Overall, the strength of PAE lies in its low morbidity and the possibility of performing under local anesthesia or sedation. Although radiation exposure is relatively low, radiation protocols should be optimized to minimize exposure.

TECHNICAL ASPECTS

Although PAE is a technically demanding procedure, endovascular instrumentation has dramatically improved over the last decade. The refinement of angiography equipment, catheters, and wires has contributed to familiarization with materials and devices, making this interventional procedure feasible and safe in less experienced hands.⁴⁰ This improvement is applied for all endovascular procedures but particularly for PAE, whose framework is characterized by numerous vascular anastomoses and complex anatomic variants and often consists of patients with significant atherosclerosis and tortuous arteries.

A wide variety of embolic agents are used for PAE, including, among others, microspheres (typically 100–500 µm) and liquid embolics. Theoretically, the choice of embolic material or microsphere size could influence the success and safety of the procedure, but no consensus exists today.^18,41 Similarly, studies comparing microspheres and liquid embolics revealed inconclusive superiority.⁴² It has not yet been determined whether permanent or temporary embolic agents are most effective. Recently, investigators have been using liquid embolic agents (N-butyl-cyanoacrylate) as an alternative.⁴³

PAE advancements have paralleled the concordant developments in imaging. Transitioning from transrectal ultrasound to high–magnetic field, multiparametric MRI has led to better patient selection based on anatomic and functional information. Patients who demonstrate low prostate volume, predominant intravesical involvement, and anomalous (high) bladder neck insertion are examples of clinical scenarios that may not have success rates that are equal to patients without anatomic concerns.⁴⁴ Preoperative high-resolution CTA can assess smaller arterial branches (with a reported 97.3% accuracy in one study⁴⁵). Therefore, it can predict future problems such as atherosclerotic occlusion or vascular tortuosity.⁴⁰ Compared to the past, intraoperative fluoroscopy now affords higher resolution at lower radiation doses. Additionally, the image-save function has been shown to decrease fluoroscopy time, further decreasing overall radiation exposure. Intraoperative cone-beam CTA has become a standard adjunctive technique to assess the risk of nontarget embolization.⁴⁶ For patients with concerns about radiation exposure, intraoperative contrast-enhanced MRA has been studied as an alternative to CT, revealing high sensitivity (91.5%) in the identification of prostatic arteries.⁴⁷

As described, PAE is a technically demanding procedure that has already benefited from past improvements in materials and imaging. In the future, further amelioration of the instrumentation and implementation of new embolic agents may contribute to a positive impact on both the outcomes and profile risk of PAE.

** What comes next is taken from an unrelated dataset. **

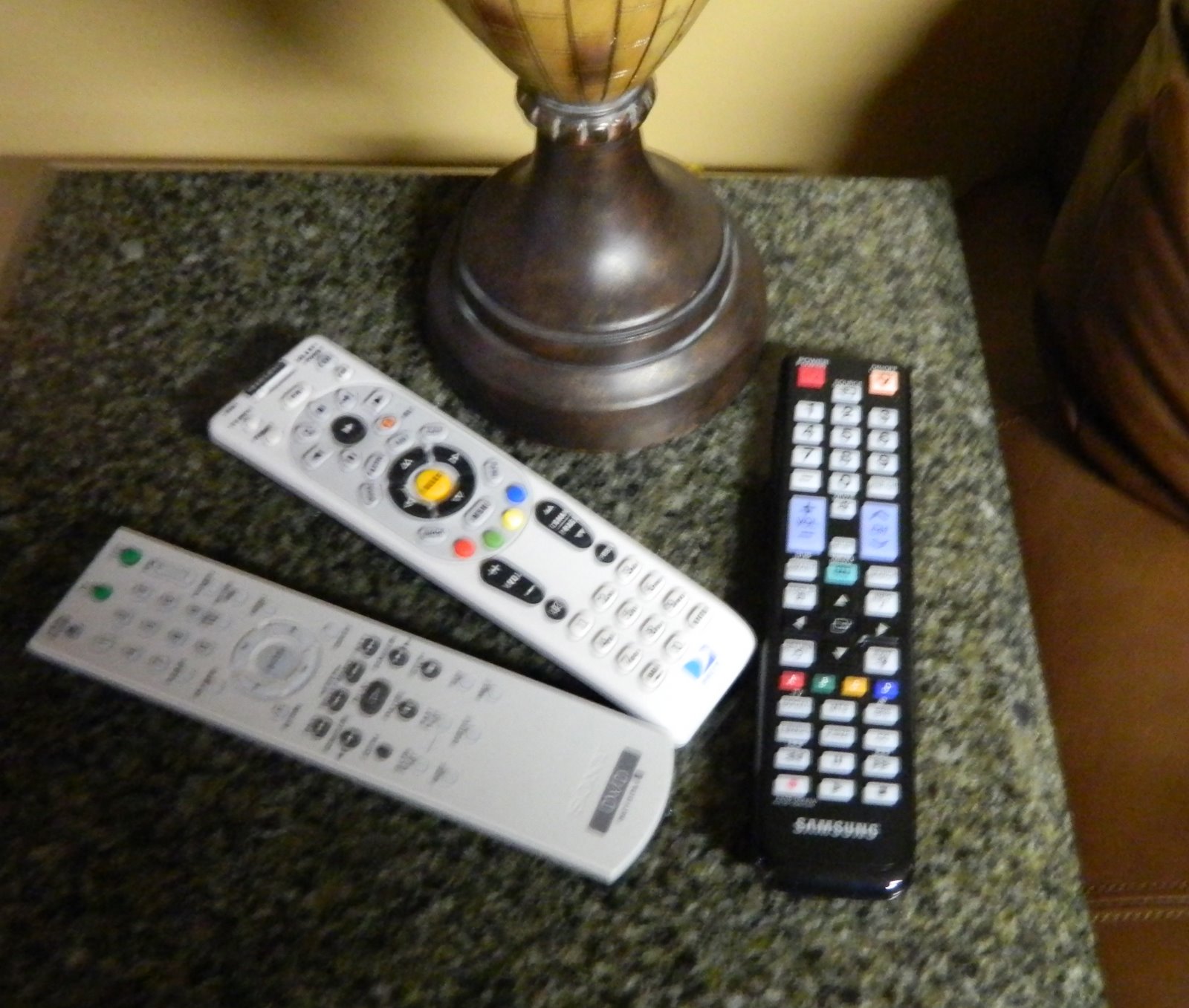 On a good day the remotes would all be on this little table beside the couch.
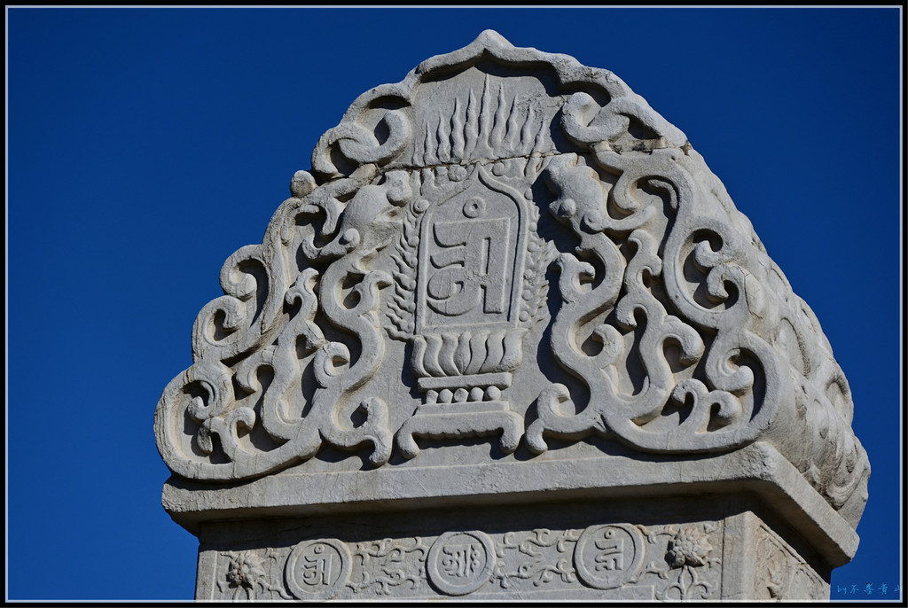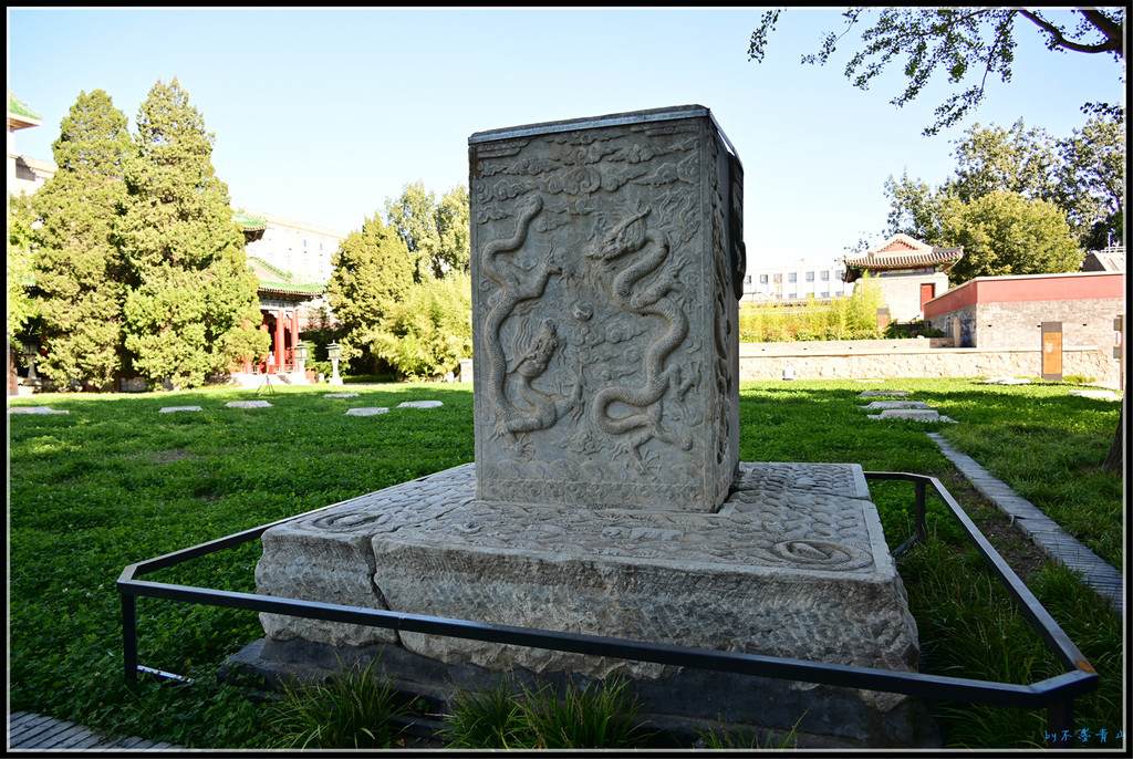 碑首为四龙衔方形宝顶,四面卷刹雕行龙。

INTERDISCIPLINARY COLLABORATION

Although BPH represents a common urologic disease, treatment options have classically existed as a dichotomy between urologists and interventional radiologists. PAE presents the opportunity for multidisciplinary care among these specialties that share many common interests and patients. PAE necessitates appropriate consultation at the pre- and postprocedural levels to ensure exceptional patient care. The success of PAE is initially attributed to appropriate patient selection. Accurately assessing the nature and severity of symptoms, which is typically done by a urologist, is crucial to discussing management options. Subsequently, validated image interpretation is imperative to assess or rule out malignancy and confirm the feasibility of PAE. Anatomic concerns such as prostate size, anatomic configuration, and vascular variations should be correctly identified and included in the shared decision-making consultation process. The multidisciplinary approach is also a priority for the procedural success of PAE.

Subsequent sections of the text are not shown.